Additionally, 2022 saw Michel Forst, former UN Special Rapporteur on HRDs, inaugurating the mandate of UN Special Rapporteur for environmental defenders under the Aarhus Convention. He has since undertaken numerous country visits calling out ubiquitous abuses and also recently put out draft state guidelines for the lawful treatment of ERDs.
Furthermore, it was also only one year ago that the most recent mandate was created to operationalise the right to a healthy environment as a human right: in 2024 Astrid Puentes Riaño became the first UN Special Rapporteur on the human right to a clean, healthy and sustainable environment. It is worth also noting that the function of the UN Special Rapporteur on climate change only dates back to 2021.
Looking forward
What can a regular person do to tilt the balance in shouldering the disproportionate burden that could crush those ‘risking their today for our tomorrow’ on a daily basis? As a healthy and clean environment is a reasonable concern and goal for the vast majority, it makes sense for every person to use every leverage in their respective geographies to defend it.
This includes scrutinising personal actions with problematic environmental footprint, as much as demanding political action for the systemic intricacies of a crisis that goes beyond individual solutions, in a time when the talk gets increasingly rockier to walk, with EHRDs becoming targets of unprecedented state repression in most established human rights regimes.
So far in 2025, Elisa Morgera, UN Special Rapporteur on climate change has dedicated two open calls for input and expert consultations to the protection of EHRDs in the context of a fossil fuels-based economy as well as human rights in the life cycle of renewable energy and critical minerals.

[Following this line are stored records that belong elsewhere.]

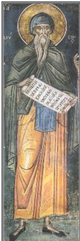
Свети преподобни Паусий Велики. Фреска от Атон, манастир Дионисиат. 1547 г.

С уетната прелест на този свят, тленна и преходна, привлича към себе си хората, жадуващи за нея, и ги кара заради нищожна земна радост да грешат в своите намерения и чувства, и в ума си да се прилепяват към низките страсти, и при това до такава степен, че тези обичащи света хора понякога започват не само да презират обещания им небесен живот, но, уви, да се отвръщат от Самия Творец на истинния живот и повече да се стремят към временните и земни блага, отколкото към бъдещите, доброволно подготвяйки си с това мъчителна и вечна смърт; подобно на това, и вечното съкровище на небесата поражда безкраен стремеж към себе си у хората, уповаващи се да го достигнат, и насища сърцата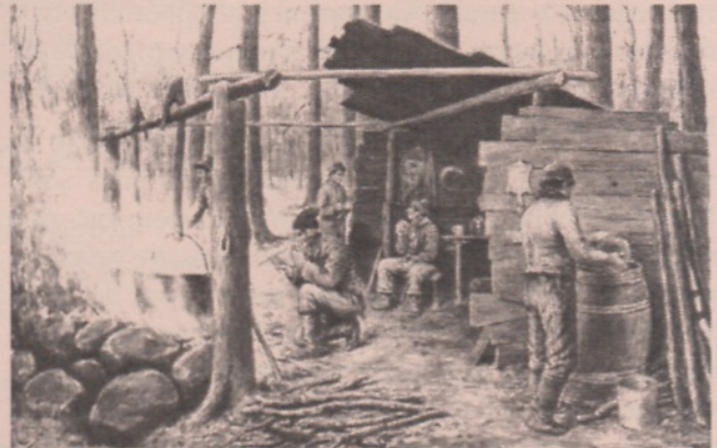
La cabane à sucre d'autrefois, d'après un dessin du dessinateur Edmond-J. Massicotte.

Le travail consistait d'abord à entailler les troncs au moyen d'une vrille, à la hauteur de trois pieds environ. Puis on y introduisait soit une lame de couteau, un morceau de bois taillé ou encore, un peu plus tard, un chalumeau sous lequel on installait un seau. Comme dans une seule journée,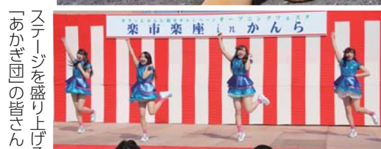
ステージを盛り上げる「あかぎ団」の皆さん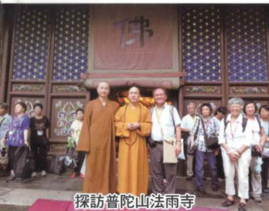
探訪普陀山法雨寺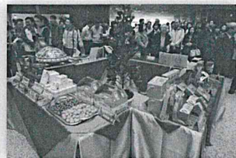
市府團隊齊聚一堂場面溫馨、愉快 祈福活動陳列各區名產彰顯在地特色

In addition, the current UN Special Rapporteur on HRDs Mary Lawlor herself has chosen to focus on climate change and a just transition.
The more EHRDs there are, and comprehensively protected, starting with mental health care, the lesser the price that each must pay for protecting our shared future. Extinguishing the fire entertained by plundering and depleting Planet Earth of its last resources, which ought to be kept in the ground, under looming global climate catastrophe, is everyone’s business.